I found that I needed to pull myself out of the darkness that had become my life and begin living again. It didn’t mean I cared any less nor had fewer concerns, it just meant that I needed to focus on myself and the rest of my family and not just the loved one in addiction. There is a saying, ‘act as if’. This is a very powerful saying, because sometimes you need to ‘act as if’ you are okay before you really are okay. When I began to ‘act as if’ my life could be restored to sanity, and I could enjoy myself even if it were for just brief moments at a time, slowly I began to reclaim my life. It was also a good sign to my other loved ones who needed me, because they needed reassurance that I was there for them. So ‘act as if’ and see how it can help you to move forward in the face of a challenging time.

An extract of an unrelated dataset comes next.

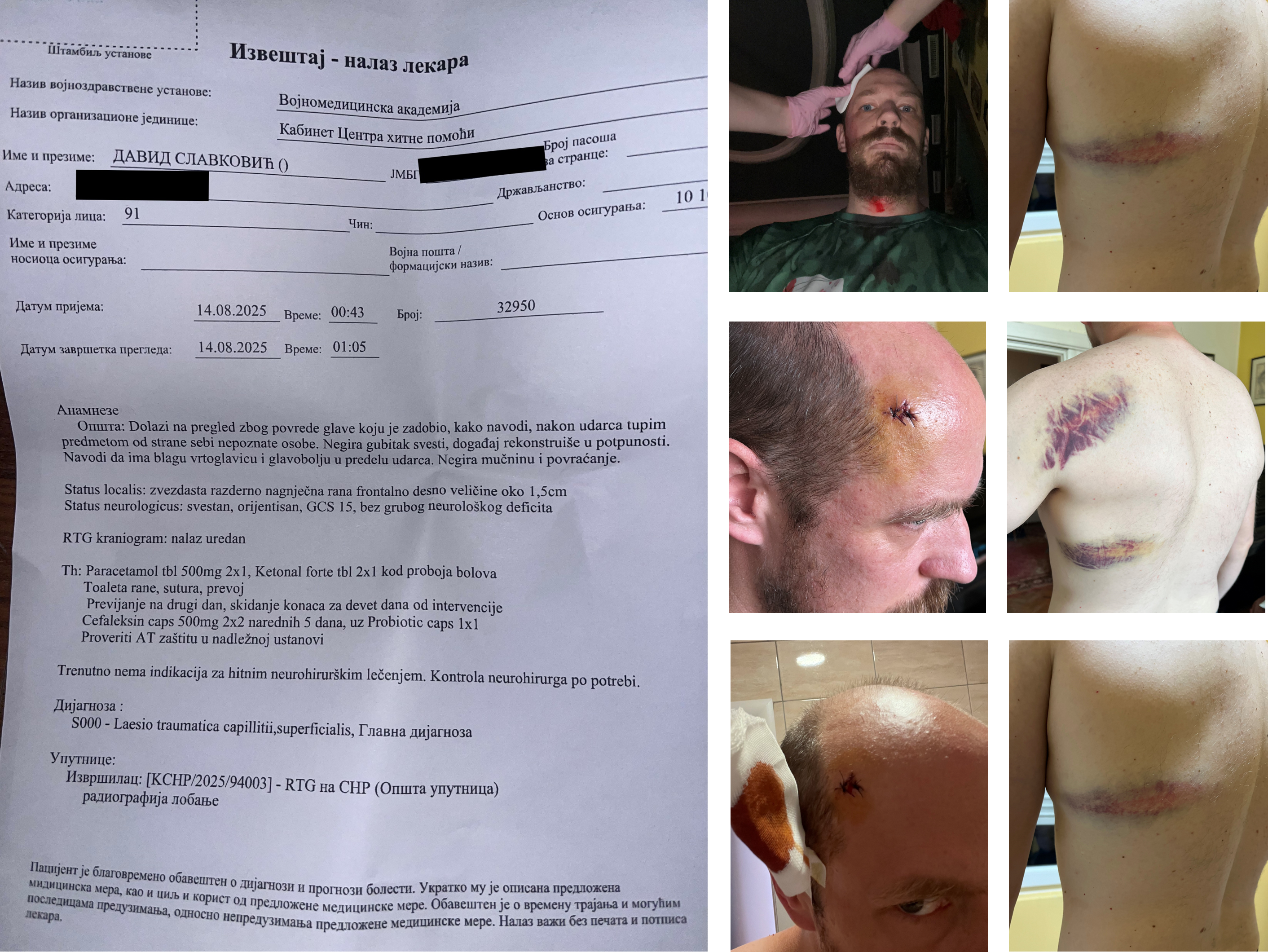 Njegovo svedočenje i materijalni dokazi ukazuju na neopravdanu i brutalnu upotrebu sile prema građaninu koji nije pružao otpor, već je samo pokušavao da dokumentuje postupanje policije. Ovaj slučaj dodatno osvetljava atmosferu nasilja i nekažnjivosti koja je pratila intervencije Žandarmerije tokom protesta u Beogradu krajem avgusta 2025. godine.

Triangle of Dysfunction – Working together to present a united front

652434_95047374 triangleThere is a dynamic I call the ‘triangle of dysfunction’ which includes a victim, a villain and a hero. What can happen in difficult situations is there is one person who is victimized, either by themselves or by others. In the case of addiction, it could be the addict who is struggling to overcome their addiction. The young addict’s parents become completely consumed with how to help their kid get healthy and overcome their addiction.  Often times the parents do not agree on what to do. Certainly this can happen when the parents are still married and can be complicated if the parents are divorced. When the addict does something that results in serious consequences like getting arrested for possession of illegal drugs it can be difficult to determine what to do. When the call comes to the parents to help ‘bail me out of jail’ it is a very difficult situation. On one hand you do not want your child to be in jail and on the other hand you know that they need to take responsibility for their actions. If one parent says ‘no’ I won’t bail you out, and then the other parent says ‘yes’ I’ll bail you out. The one who says ‘no’ becomes the villain and the one who says ‘yes’ becomes the hero.
I’m not going to lobby for which is the ‘right’ thing for the parents to do, but I will lobby that a united front on what to do gets made together to avoid the ‘triangle of dysfunction’. By banding together and discussing the possible ways to handle the response and giving a united front to your kid or young adult you will avoid the chance of being played against one another. It will also show your loved one that you care enough to work together and that you are consistent. By giving different answers or reversing decisions of one parent creates a disruptive and erratic family dynamic. Keep in communication and try to agree together whenever possible. It will foster a positive relationship for all involved.